Give back every line of the data exactly. Pictures are not part of the copy.

# Supplied material:
════════════════════
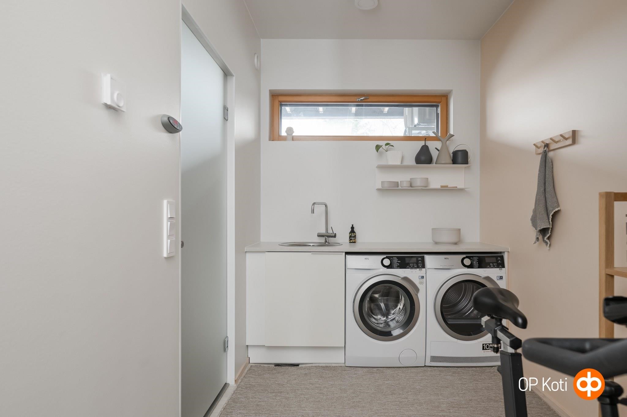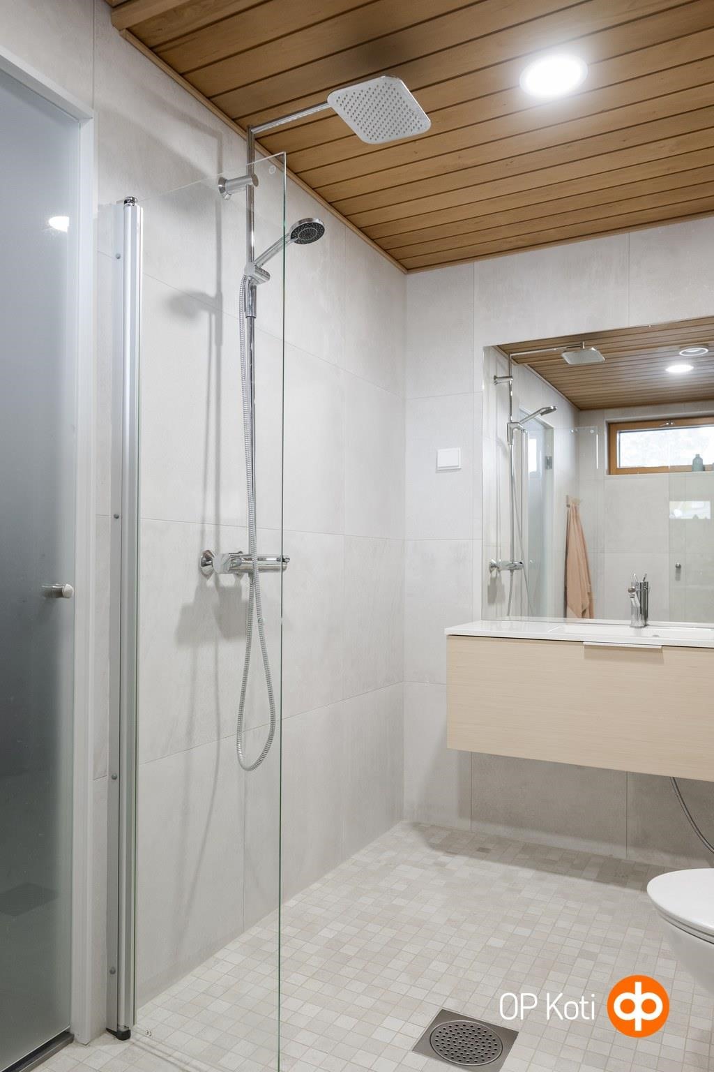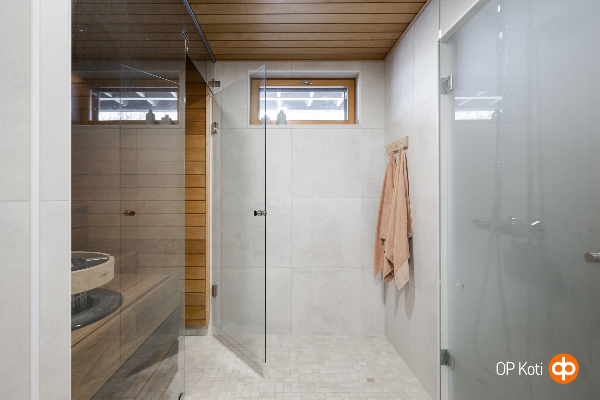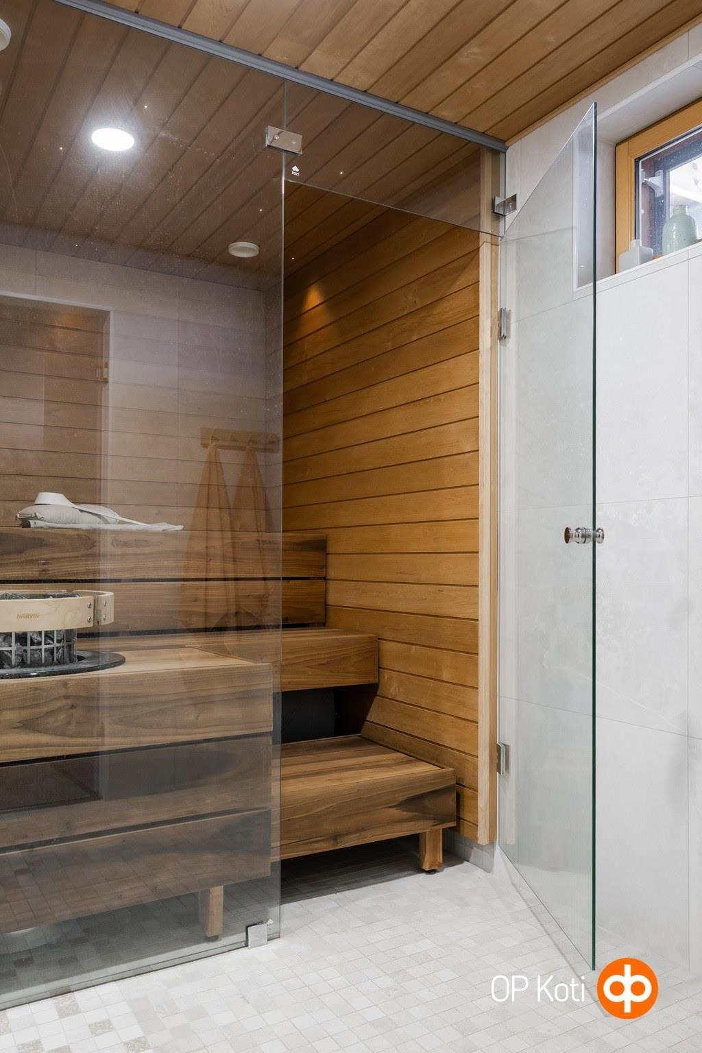 - Sauna, sähkökiuas Harvia Cilindro, kylpyhuone, erillinen wc yläkerrassa, suihku, suihkuseinä kääntyvä, peilit wc+kph, allaskaappi, pesukoneliitäntä khh, lattialämmitys, kiinteät valaisimet kph,s.
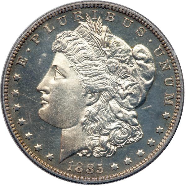 1885 Morgan Dollar. PCGS graded Proof 64. Housed in a First Generation Holder. Light hint of gold toning. Only 930 minted. Pop 59; 30 finer (PCGS # 7320) .
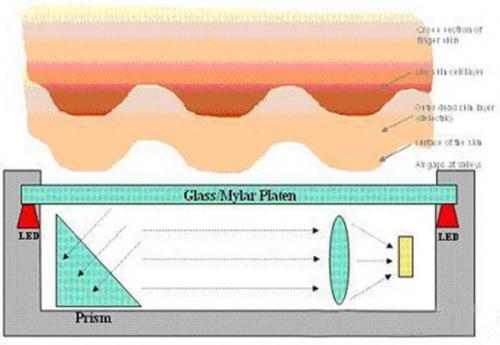 主要是利用光的折摄和反射原理,将手指放在光学镜片上,手指在内置光源照射下,光从底部射向三棱镜,并经棱镜射出,射出的光线在手指表面指纹凹凸不平的线纹上折射的角度及反射回去的光线明暗就会不样。用棱镜将其投射在电荷耦合器件上CMOS或者CCD上,进而形成脊线(指纹图像中具有定宽度和走向的纹线)呈黑色、谷线(纹线之间的凹陷部分)呈白色的数字化的、可被指纹设备算法处理的多灰度指纹图像。然后对比资料库看是否致。
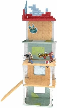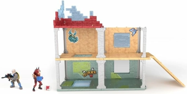Ez a játékkészlet pontosan lemásolja a Fortnite játékmenet struktúráit, beleértve a piros tetős tornyot és a fa paneleket.
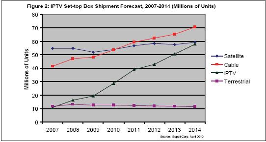 - 預(yù)計(jì)2014年銷往IPTV市場的機(jī)頂盒將增長到5800萬臺(tái)
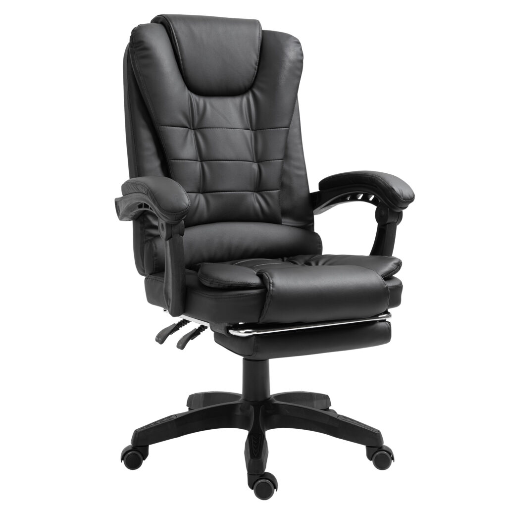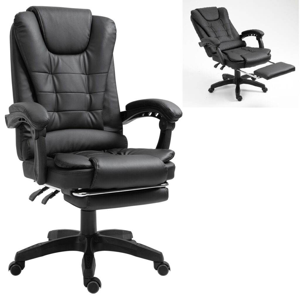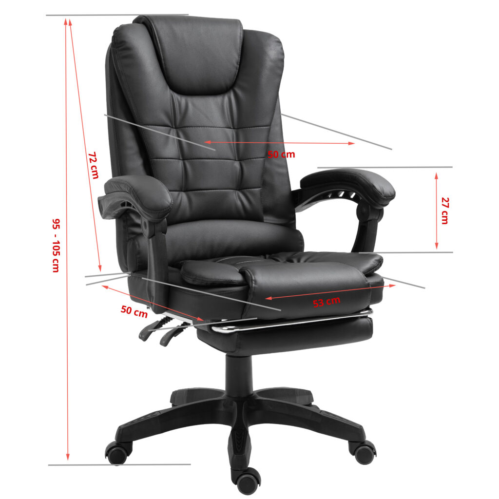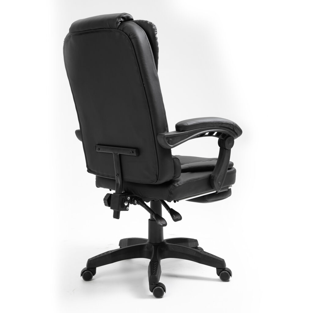 Габарити 69 × 63,5 × 36 мм Гнучке крісло з елегантним дизайном, що імітує шкіру. Це офісне крісло оснащене м’якими гнучкими триточковими підлокітниками. Його можна встановити розслаблююче положення, а підлокітники адаптуються до цього положення. Для максимального розслаблення м’яку підставку для ніг можна вийняти. Крісло, що обертається, можна регулювати по висоті, а так само можна регулювати нахил спинки.
════════════════════
# Reply:
 - Sauna, sähkökiuas Harvia Cilindro, kylpyhuone, erillinen wc yläkerrassa, suihku, suihkuseinä kääntyvä, peilit wc+kph, allaskaappi, pesukoneliitäntä khh, lattialämmitys, kiinteät valaisimet kph,s.
 1885 Morgan Dollar. PCGS graded Proof 64. Housed in a First Generation Holder. Light hint of gold toning. Only 930 minted. Pop 59; 30 finer (PCGS # 7320) .
 主要是利用光的折摄和反射原理,将手指放在光学镜片上,手指在内置光源照射下,光从底部射向三棱镜,并经棱镜射出,射出的光线在手指表面指纹凹凸不平的线纹上折射的角度及反射回去的光线明暗就会不样。用棱镜将其投射在电荷耦合器件上CMOS或者CCD上,进而形成脊线(指纹图像中具有定宽度和走向的纹线)呈黑色、谷线(纹线之间的凹陷部分)呈白色的数字化的、可被指纹设备算法处理的多灰度指纹图像。然后对比资料库看是否致。
Ez a játékkészlet pontosan lemásolja a Fortnite játékmenet struktúráit, beleértve a piros tetős tornyot és a fa paneleket.
 - 預(yù)計(jì)2014年銷往IPTV市場的機(jī)頂盒將增長到5800萬臺(tái)
 Габарити 69 × 63,5 × 36 мм Гнучке крісло з елегантним дизайном, що імітує шкіру. Це офісне крісло оснащене м’якими гнучкими триточковими підлокітниками. Його можна встановити розслаблююче положення, а підлокітники адаптуються до цього положення. Для максимального розслаблення м’яку підставку для ніг можна вийняти. Крісло, що обертається, можна регулювати по висоті, а так само можна регулювати нахил спинки.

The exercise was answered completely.